AIM OF THE EXERCISE: Search the listing below for the line with "Bottom painted in", then write out that line and every one after it exactly, without the pictures.

DATA SEGMENT:
⁂

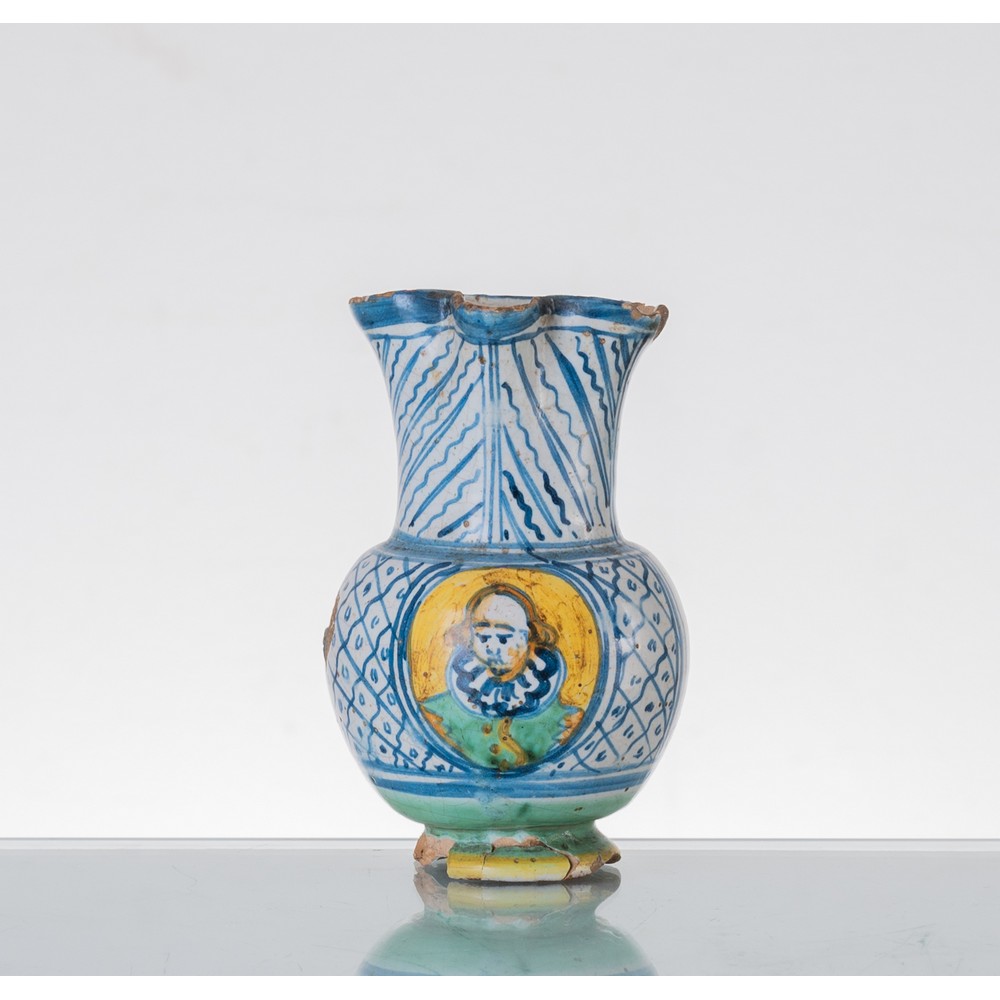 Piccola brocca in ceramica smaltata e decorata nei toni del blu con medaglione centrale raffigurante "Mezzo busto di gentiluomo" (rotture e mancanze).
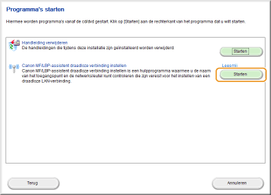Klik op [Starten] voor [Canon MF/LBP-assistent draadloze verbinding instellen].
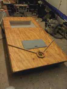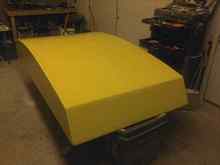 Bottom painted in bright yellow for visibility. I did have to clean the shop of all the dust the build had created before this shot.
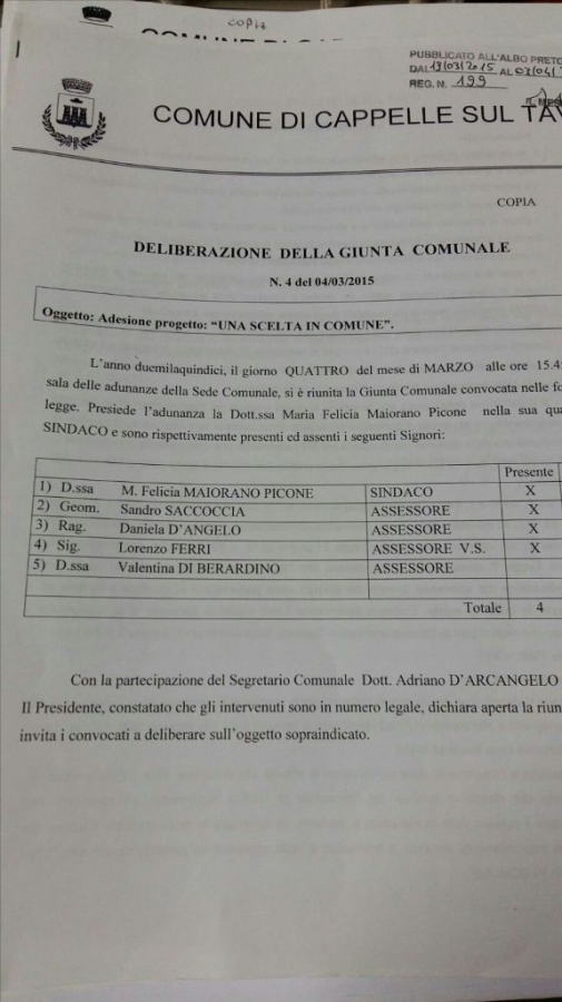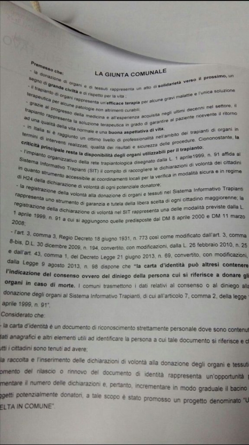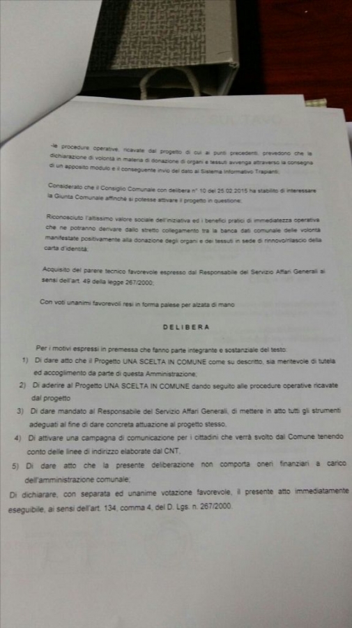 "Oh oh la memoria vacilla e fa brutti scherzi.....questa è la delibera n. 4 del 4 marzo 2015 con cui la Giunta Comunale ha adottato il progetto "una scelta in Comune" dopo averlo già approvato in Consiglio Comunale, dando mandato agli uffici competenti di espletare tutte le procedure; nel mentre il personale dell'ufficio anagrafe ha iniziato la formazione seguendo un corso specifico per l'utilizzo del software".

⁂

TASK ANSWER:
 Bottom painted in bright yellow for visibility. I did have to clean the shop of all the dust the build had created before this shot.
 "Oh oh la memoria vacilla e fa brutti scherzi.....questa è la delibera n. 4 del 4 marzo 2015 con cui la Giunta Comunale ha adottato il progetto "una scelta in Comune" dopo averlo già approvato in Consiglio Comunale, dando mandato agli uffici competenti di espletare tutte le procedure; nel mentre il personale dell'ufficio anagrafe ha iniziato la formazione seguendo un corso specifico per l'utilizzo del software".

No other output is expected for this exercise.